Lucy yang wajahnya merah karena habis mandi menjadi semakin memerah. Dia mengalihkan pandangannya tidak berani menatap Arya.


Arya tertawa kecil. Melihat Lucy malu-malu itu sungguh lucu dan menggemaskan.


"Lucy, lihat kemari."


Arya memanggil, menyuruhnya untuk menatapnya.


Lucy ragu sejenak namun segera mengalihkan pandangannya ke Arya, menatapnya dengan matanya yang lembab, seakan air mara bisa jatuh kapan saja.


"Arya, bisakah kamu tidak menatapku begitu? Itu tidak baik untuk jantungku, tahu?"


Lucy membenamkan wajahnya ke dada Arya, merasa jika dia menatap Arya terlalu lama, jantungnya akan melompat keluar dari tempatnya.


Arya tidak mengatakan apa-apa, hanya mengelus kepala Lucy, membujuknya. Jika memungkinkan, dia ingin menatap Lucy terus-menerus hingga dia tertidur.


Setelah beberapa saat, Lucy akhirnya terbujuk dan mengangkat kepalanya lalu menatap lurus Arya.


Setelah saling menatap cukup lama, Arya akhirnya tidak tahan lagi.


"Lucy, cium, ya?"


"Hm~, tidak mau~."


Lucy berkata dengan main-main, menatap nakal Arya dengan matanya yang indah.


Sudut mulut Arya berkedut.


Dia kemudian meraih pinggang Lucy, menariknya ke dalam pelukannya. Kakinya melingkari kaki Lucy, memberinya kehangatan. Dengan tangannya yang lain, Arya meletakkan telapak tangannya di belakang kepala Lucy, menariknya untuk dicium.


Lucy jelas tidak menolak. Dia menutup matanya dan mengerucutkan bibirnya.

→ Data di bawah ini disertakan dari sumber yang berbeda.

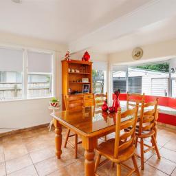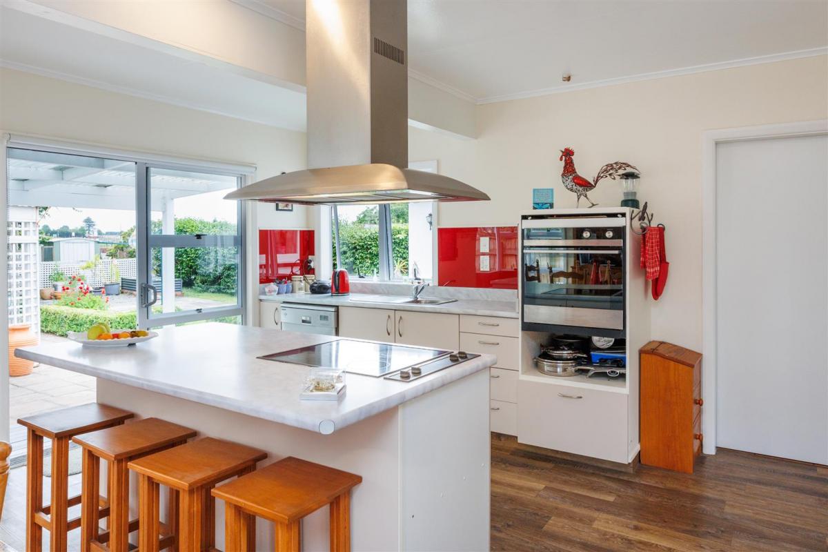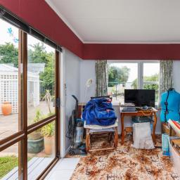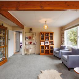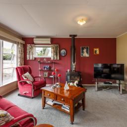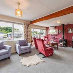 The modern kitchen features a breakfast bar and has the spaciousness for your large dining table. It's light and sunny. The separate living room has been extended and again, gives you more living space. There are two good sized bedrooms and a small bedroom with access to the outside. Separate laundry, bathroom/toilet combined. The convenience of a heat pump is great, ceiling and underfloor insulation plus woodburner. There is an electric hot water cylinder of 180 litres.
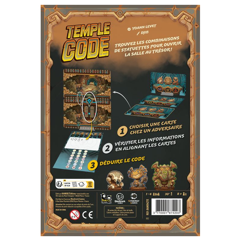 Vous devez trouver la combinaison de statuettes sur la carte devant vous. Pour cela, utilisez les cartes devant vos adversaires pour obtenir des informations, en faisant attention de ne pas trop les aider ! Un joueur peut déclarer sa combinaison à tout moment, donc n'attendez pas trop !
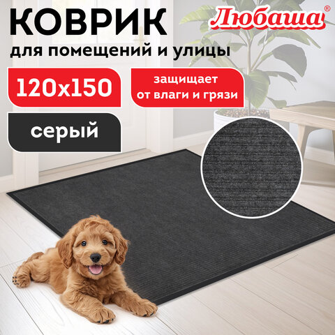 Коврик придверный 120х150 см, СЕРЫЙ, влаго-грязезащитный, 430 г/м2, ребристый, ЛЮБАША СТАНДАРТ, 701041
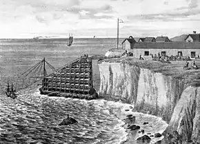 The cliffs just north of the Tunitas Creek outflow were the site of "Gordon's Chute", a ramp for sliding farm goods from the top of the cliffs to ships anchored in the rolling surf below. Gordon's Chute, named for its builder, local resident Alexander Gordon, was constructed in 1872 and lasted until 1885, when a storm blew it away.[7] Eyebolts for the chute can still be found in the cliff-face.[7]
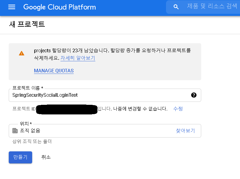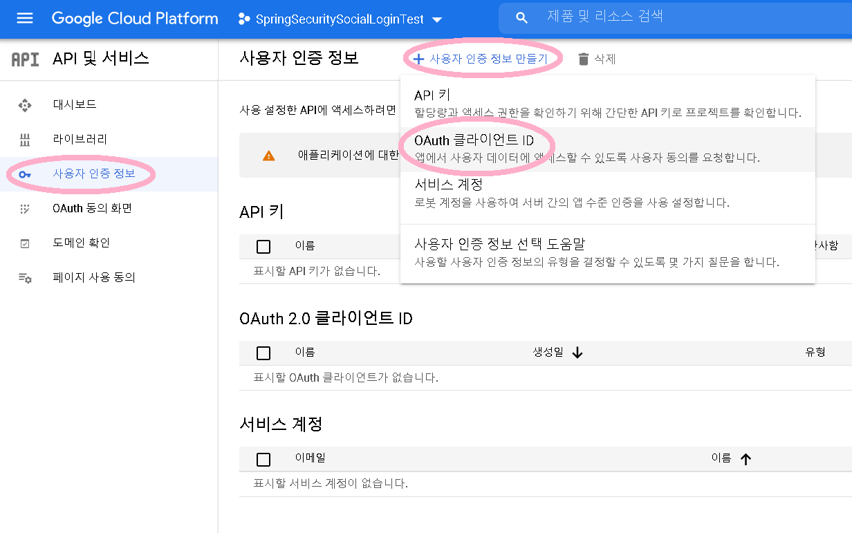 이제 다시 OAuth 클라이언트 ID 만들기를 시도해보겠습니다.

Kedua bertukar ciuman, saling menunjukkan perasaan mereka satu sama lain.


Tapi tiba-tiba, saat Arya sedang menikmati ciumannya dengan Lucy, dia merasakan seseorang meraih kerah bajunya.

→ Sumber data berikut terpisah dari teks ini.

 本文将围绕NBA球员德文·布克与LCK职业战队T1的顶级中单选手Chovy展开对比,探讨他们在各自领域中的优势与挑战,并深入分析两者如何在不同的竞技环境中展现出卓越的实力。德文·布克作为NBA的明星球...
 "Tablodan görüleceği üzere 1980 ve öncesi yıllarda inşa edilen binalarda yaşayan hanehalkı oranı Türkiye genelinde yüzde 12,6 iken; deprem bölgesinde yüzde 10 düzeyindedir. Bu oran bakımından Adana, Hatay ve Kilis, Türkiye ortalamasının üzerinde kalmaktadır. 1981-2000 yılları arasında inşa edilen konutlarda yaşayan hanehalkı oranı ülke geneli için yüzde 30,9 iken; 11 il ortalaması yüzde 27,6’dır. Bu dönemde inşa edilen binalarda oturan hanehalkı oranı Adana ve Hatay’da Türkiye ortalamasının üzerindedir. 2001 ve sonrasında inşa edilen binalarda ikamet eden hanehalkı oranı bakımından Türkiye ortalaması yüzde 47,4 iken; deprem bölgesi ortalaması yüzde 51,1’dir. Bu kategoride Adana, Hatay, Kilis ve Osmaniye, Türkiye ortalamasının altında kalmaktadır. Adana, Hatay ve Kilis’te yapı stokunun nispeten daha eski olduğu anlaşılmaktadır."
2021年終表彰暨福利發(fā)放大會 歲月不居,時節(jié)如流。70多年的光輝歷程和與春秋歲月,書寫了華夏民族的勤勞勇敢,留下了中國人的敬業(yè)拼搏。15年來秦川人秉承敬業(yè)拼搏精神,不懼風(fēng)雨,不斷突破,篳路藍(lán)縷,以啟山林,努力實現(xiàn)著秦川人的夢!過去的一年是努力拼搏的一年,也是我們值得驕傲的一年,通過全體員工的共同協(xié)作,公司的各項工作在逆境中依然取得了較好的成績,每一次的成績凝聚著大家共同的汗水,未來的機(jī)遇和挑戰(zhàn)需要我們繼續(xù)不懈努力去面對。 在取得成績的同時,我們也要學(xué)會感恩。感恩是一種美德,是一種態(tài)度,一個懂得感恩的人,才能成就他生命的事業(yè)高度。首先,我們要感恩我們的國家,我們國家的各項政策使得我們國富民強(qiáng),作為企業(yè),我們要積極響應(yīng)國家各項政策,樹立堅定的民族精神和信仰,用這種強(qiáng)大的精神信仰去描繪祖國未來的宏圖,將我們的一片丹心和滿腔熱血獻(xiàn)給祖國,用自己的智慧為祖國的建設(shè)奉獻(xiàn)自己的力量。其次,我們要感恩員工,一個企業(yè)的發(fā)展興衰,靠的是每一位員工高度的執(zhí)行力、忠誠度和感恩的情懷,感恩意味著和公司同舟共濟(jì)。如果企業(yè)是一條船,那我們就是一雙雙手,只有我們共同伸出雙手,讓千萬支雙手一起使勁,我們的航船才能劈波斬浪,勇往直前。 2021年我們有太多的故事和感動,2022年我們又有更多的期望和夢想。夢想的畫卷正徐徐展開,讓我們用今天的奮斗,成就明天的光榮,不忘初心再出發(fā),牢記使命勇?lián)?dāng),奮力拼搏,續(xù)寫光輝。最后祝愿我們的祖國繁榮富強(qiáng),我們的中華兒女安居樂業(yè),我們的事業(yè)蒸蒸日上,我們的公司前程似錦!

Dan benar saja, sesaat setelah itu, kerah bajunya ditarik, membuat Arya harus melepas ciumannya dari Lucy secara paksa.


Arya jelas marah karena momen kebahagiaannya diganggu. Dia dengan cepat menoleh ke belakang dengan marah dan ingin berteriak.


Tapi, dia segera terdiam dan amarahnya lenyap begitu saja ketika dia menyadari siapa yang menarik kerah bajunya.


"Kak...? Apakah kau ada keperluan denganku, Kak?"


Selain David, siapa lagi yang berani menggangu momen mesra Arya dan Lucy?


Secara alami, yang menarik kerah Arya tadi adalah David.


Ekspresinya saat ini sangat jelek dan wajahnya dipenuhi kedutan. Dia menatap Arya dengan tajam.


Di datang ke kamar Lucy untuk mencari Arya, ingin membahas masalah ulang tahun Lucy lusa depan. Tapi, ketika dia masuk, dia sedang melihat kedua adiknya sedang menyatukan bibir.


Dia jelas merasa kesal dan marah. Dia tidak tahu kenapa, tapi setiap kali dia memasuki kamar Lucy, dia pasti akan melihat pemandangan semacam ini.


Ini sudah kesekian kalinya dia menjumpai Arya dan Lucy sedang ciuman.


Hal ini jelas membuatnya iri dan kesal.


David seorang single dan dia jelas ingin memiliki seorang kekasih agar bisa melakukan semua hal yang Arya dan Lucy lakukan. Namun, single bisa apa?


Menghela napas, David mengalihkan pandangannya ke Lucy.


Lucy jelas menyadari keberadaan David dan karena dia ketahuan sedang ciuman dengan Arya, dia jelas merasa sangat malu. Saat ini, dia hanya bisa bersembunyi di dalam selimut dan tidak mengeluarkan suara apapun, berpura-pura tidur.


"Ikut aku."


David berkata dengan dingin, mengajak Arya keluar.


Arya menelan ludahnya dengan tegukan saat dia merasa bahwa dirinya akan dimarahi kali ini.


Menghela napas tanpa daya, Arya beranjak dari kasur dan mengikuti David.